Thursday 12 March 2009

Workers' Bodies

Today the Standard had a guest post on ACC:
The investment losses have been a big part of it but there is also a rising accident rate stemming from our ageing population and climbing obesity rates, which has been foreseen by medical experts for some time. We cannot do much about an aging population really, but obesity is wholly avoidable with smart policy that has some guts behind it.

Why should we focus on obesity? Obese workers have a higher accident rate, take longer to recover, cost more treat and are out of work for a longer period of time. A 2007 Duke University study found that “obese workers filed twice the number of workers’ compensation claims, had seven times higher medical costs from those claims and lost 13 times more days of work from work injury or work illness than did nonobese workers”.
Although they don't provide a link I'm going to assume the guest poster is quoting from the press release about the study. Here's a link to the study itself for people who speak science article.

The numbers quoted are absolute numbers, they're not controlled for anything. In particular, they're not controlled for occupation.* I'm sorry to insult my readership by pointing this out, but the correlation between class and body size is pretty well established, as is the correlation between class and work-place accident rates.

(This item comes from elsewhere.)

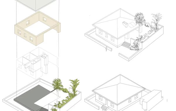 The customers’ request, of having a detached house with a garden, has strongly shaped the design proposal. In the preliminary phase the indoor spaces were disjointed and raised of 80 cm, from the garden level. These spaces were redesigned to give onto the outdoor space. Hence, the level of the front-yard (opposite the living area) was raised up to the same level of the indoors. The main entrance was moved from the street level front, where it was initially located, to the common ground between the house and the garden, in order to create complementarity between the indoor and outdoor spaces.

Surprise! When the authors control for occupation (although not income, and managers appear to be treated as the same occupation as workers) the numbers look rather different. These numbers are expressed in risk ratios, whereby a control group is set at 1, and 2 means something is twice as likely when all the variables that are mentioned have been controlled for (full disclaimer, I could be lying, I don't understand statistics that well). The risk ratios for number of claims for people who have a BMI of over 25 range from 1.09 to 1.45. To understand how insignificant a risk ratio of that size is here are some of the risk ratios for occupational groups:
Laundry Staff: 7.35
Housekeeper: 6.44
Laboratory Animal Technician: 17.36
Inpatient Nurse: 4.01


The guest posts asks 'why is ACC costing so much?' And answers 'workers' bodies'. Even though its evidence is a study that demonstrates that the nature of work plays a far bigger role in the numberof workplace accidents than the nature of workers.

I'm a 'which side are you on' kind of a girl, and this post makes it very clear which side it's on. It blames workers and their bodies for workplace accidents. It chooses policing workers bodies, over fighting for workers bodies.

* I don't actually like debunking scientific research about fat, it seems to me to be conceding too much. Even if everything they said about the dangers of fat were true it wouldn't change my political analysis of fat at all.

** There are two other problems with those numbers. First that when it says 'obese' and 'non-obese' it appears to be comparing people with a BMI of between 18.5-24.9 and a BMI of 40+. In the article obese is defined as a BMI of 30+, so the terms used in the press release are not the same as those in the article, or the common medical use of those terms. I'm not going to dwell on that because I have less than no time for the BMI in the first place.

The other problem is that all the numbers apart from the numbers of claims made appear to be based on guesses at what the numbers might be rather than actual numbers:
Lost workday rates (days per 100 FTEs) were calculated by multiplying these stratum-specific claims rates by their corresponding mean number of lost workdays per claim. Similarly, multiplying the claims rate by the stratum-specific mean costs (including the amount already paid and the amount reserved) allowed calculation of cost rates (dollars per 100 FTEs) separately for medical and indemnity claims costs. Confidence intervals were calculated assuming that the number of events followed a Poisson distribution.
I'm not going to comment any more than that, because I don't speak science article, but will concentrate on the 'claims made' figure when explaining why this research doesn't prove what the standard thinks it proves.